The engine is destined for a Ferrari Dino kit car, with an air cooled Volkswagen Beetle chassis, designed to accept a mid-mounted Audi V6 30V. Oddly, it's a girl's project, she purchased the engine and harness, she'll be running the standard Motronic ME7.1. Now, that's a project I'll be following.

Of course, this now means I've got to pull the motor and trans, so this weekend, I'll be putting my Pelican Blue B5 into my garage, and getting some work done. It's been a while since I drove a B5 V8, I can't wait to complete this swap, and turn the key for the first time.

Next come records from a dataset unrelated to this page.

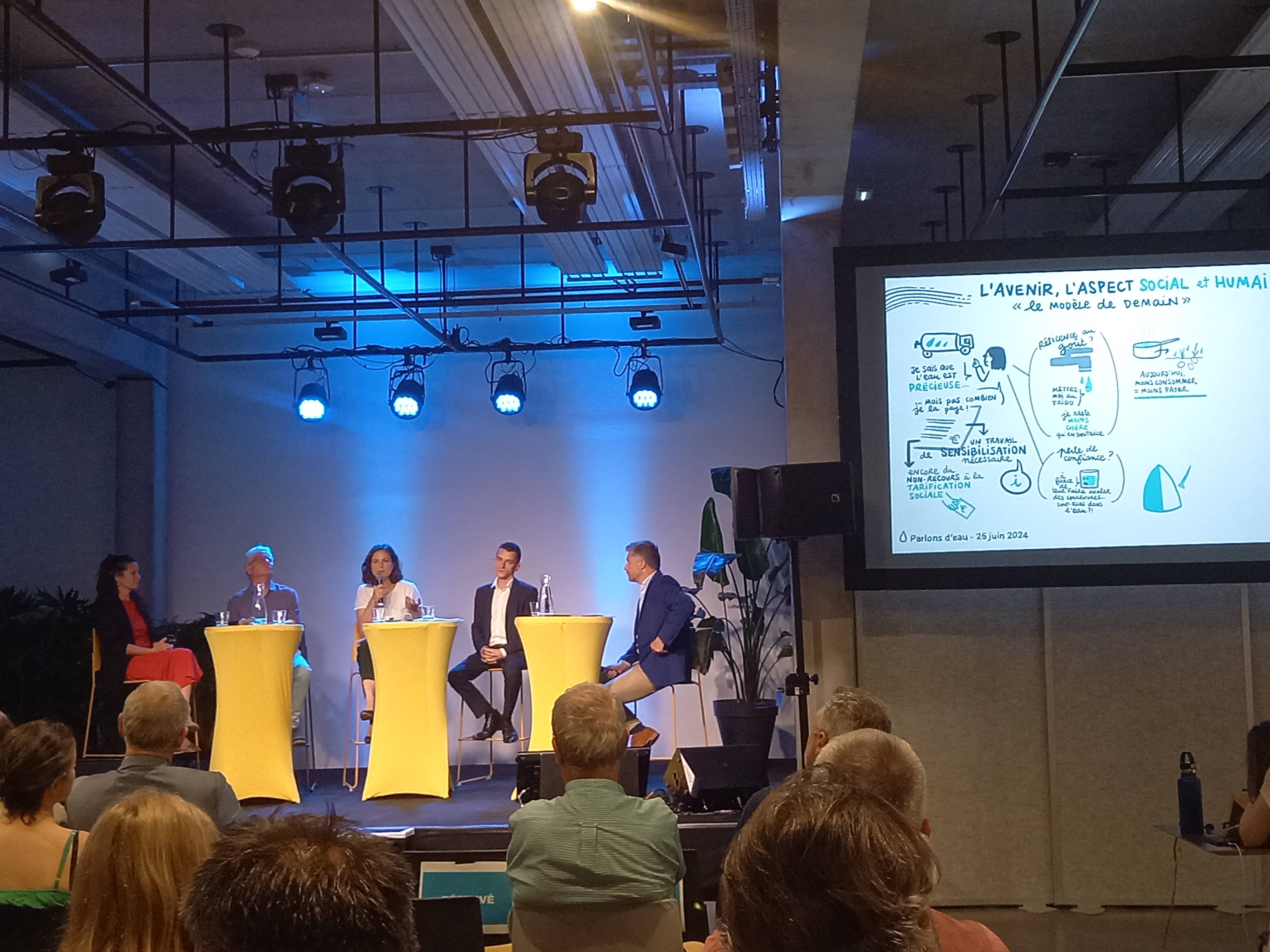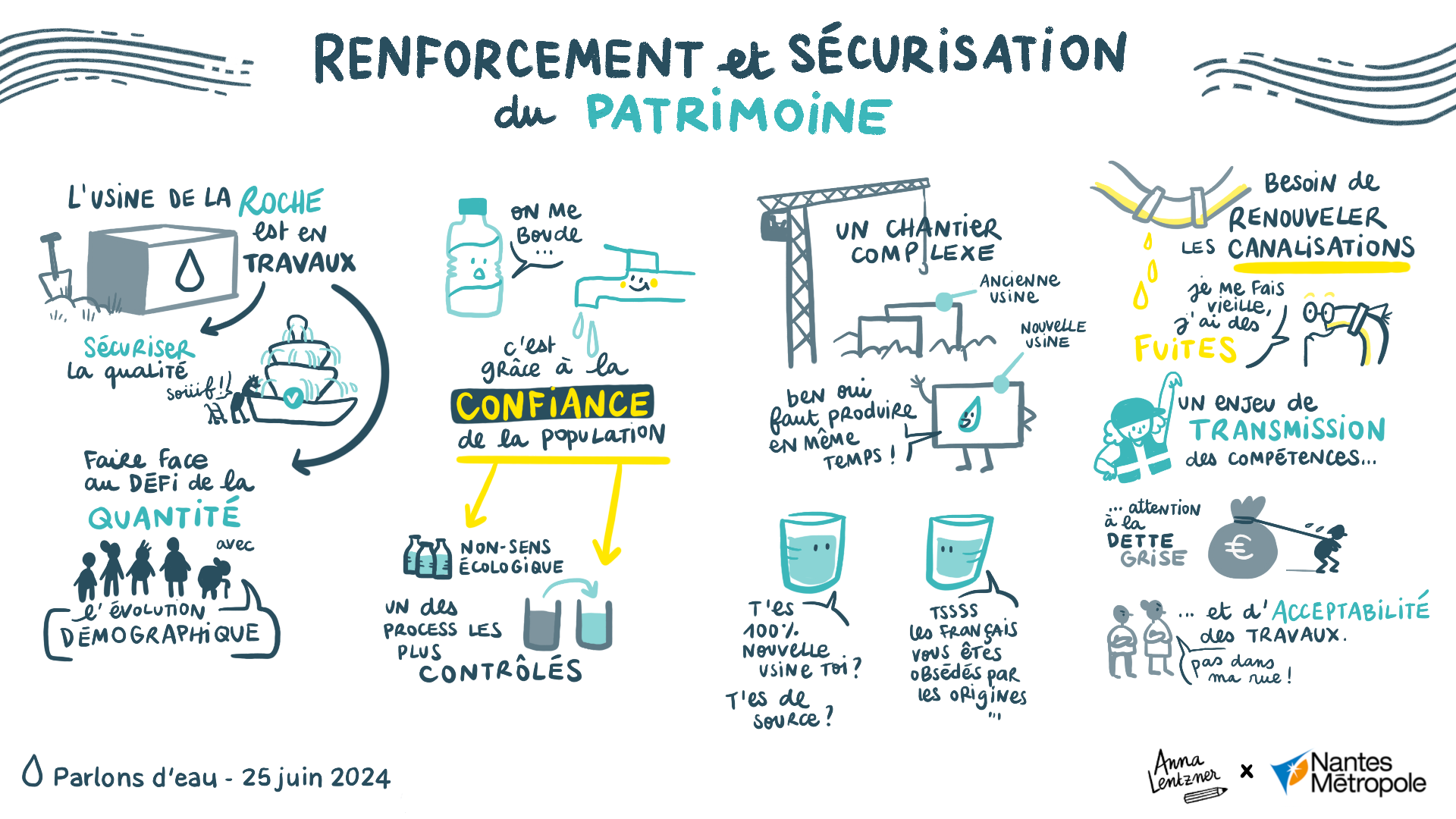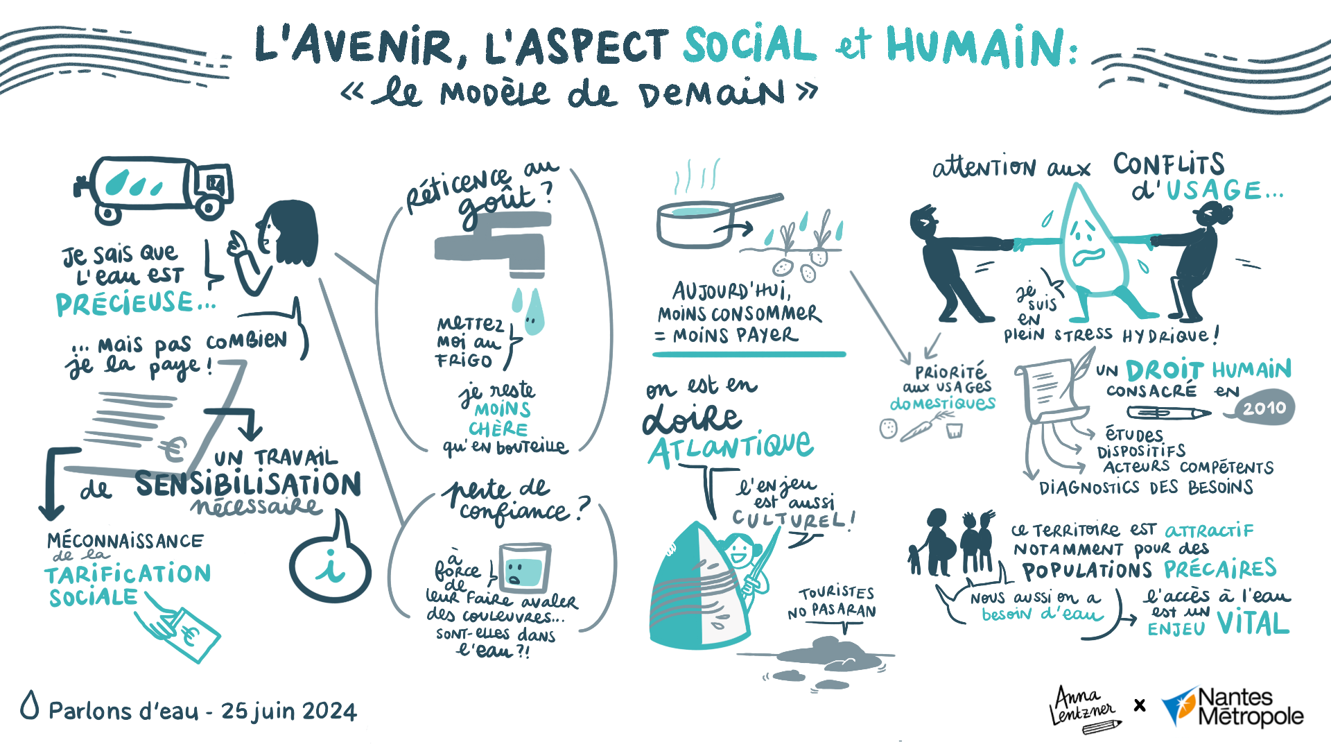 En juin 2024, j’ai été sollicitée par l’agence de concertation Sennse pour traduire en dessin une conférence organisée par Nantes Métropole. Au programme, trois tables-rondes pour aborder différents aspects de la gestion de l’eau par la collectivité, avec une vision prospective.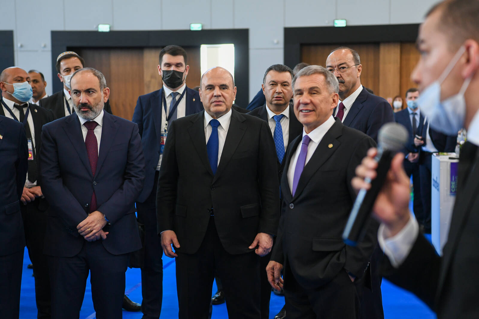 Посещение Премьер-министрами стран ЕАЭС выставочного центра «Казань Экспо». Сопровождает Президент Республики Татарстан Рустам Минниханов.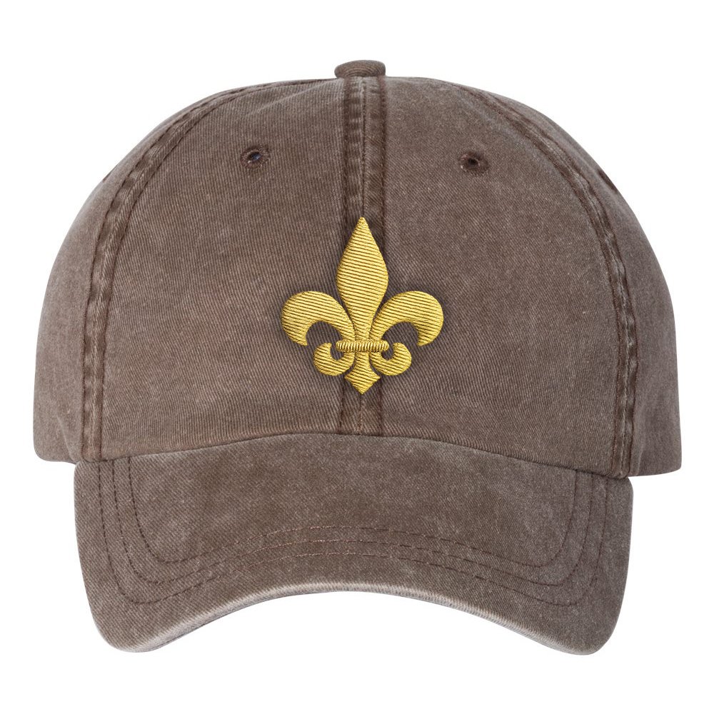 This hat features a classic fleur-de-lis design. You can find it in several varieties of New Orleans colors of gold, green and purple! The fleur-de-lis is one of the most recognizable symbols of New Orleans, rooted in the city’s French heritage and woven into the Crescent City's culture.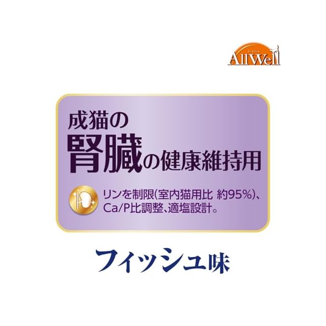 腎臓の健康維持に配慮して、リンを制限(*室内猫用比 約95%)、Ca/P比調整、適塩設計。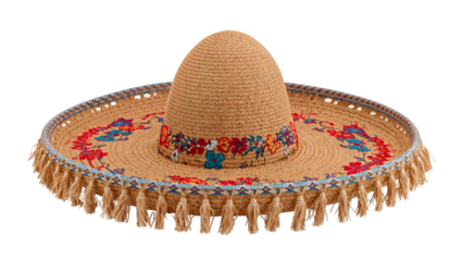 Traditional mexican sombrero with colorful embroidered flowers and tassels, isolated on the transparent background

Posted: Tue Nov 24, 2015 1:18 am
by Nollywood
Update: 21st November, 2015.

I backed my Pelican Blue B5 Quattro 2.8 30V into my garage, for the last time under V6 power. I had previously driven her to my local Audi dealership, to get the aircon gas evacuated from the system. I could possibly have worked round the condenser and compressor when pulling the engine out, but I like freedom to move around, without the risk of busting things up.

I did have a late start, as I was at work, albeit it half day. I did not get to start until 15:40 hrs.

The car is on 4 jack stands, though the wheels are all still in place. Motronic harness disconnected from plenum chamber (5 body plugs), which I compared with the 5 plugs on my hybrid wiring harness. With the exception of about 5 wires, I've gotten the pin-outs pretty much the same.

I had a battle with the spring clips on the upper and lower radiator hoses. The upper one was particularly crusty, and I mean real nasty, with the clip coming off in 3 parts. I'm glad I opted to run an aluminium radiator.

So for tomorrow, I'll just need to lower the front subframe, unbolt the motor mounts, downpipes, gear selector box, prop and driveshafts, unbolt the transmission mounts, the engine earth strap etc. I haven't looked closely at the downpipe nuts, but if they present any problems due to corrosion, I'll attack the downpipes with my angle grinder. I'm not wasting too much time on those bitches.

Like with my previous B5 V8 swaps, the emphasis is on an OEM+ look, meaning no induction kit. I will be using the stock D3 A3 airbox and ducting.

High resolution pictures will follow tomorrow.